* Exercise data *
○ ○ ○ ○
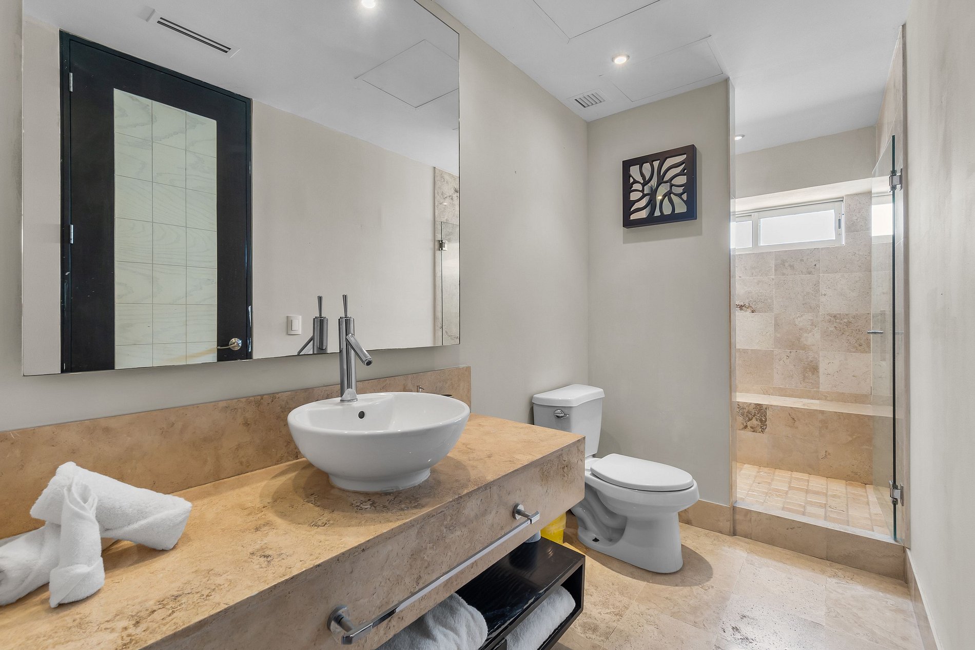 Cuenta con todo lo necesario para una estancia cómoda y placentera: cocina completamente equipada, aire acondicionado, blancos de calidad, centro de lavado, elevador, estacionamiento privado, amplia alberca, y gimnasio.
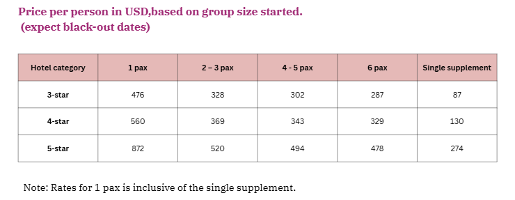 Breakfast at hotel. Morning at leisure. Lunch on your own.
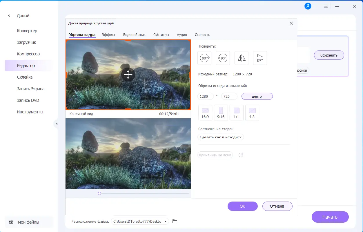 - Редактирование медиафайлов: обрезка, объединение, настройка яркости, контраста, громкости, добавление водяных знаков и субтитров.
○ ○ ○ ○
* Exercise *
Leave out the images and copy all remaining data word for word.

* Your response *
 Cuenta con todo lo necesario para una estancia cómoda y placentera: cocina completamente equipada, aire acondicionado, blancos de calidad, centro de lavado, elevador, estacionamiento privado, amplia alberca, y gimnasio.
 Breakfast at hotel. Morning at leisure. Lunch on your own.
 - Редактирование медиафайлов: обрезка, объединение, настройка яркости, контраста, громкости, добавление водяных знаков и субтитров.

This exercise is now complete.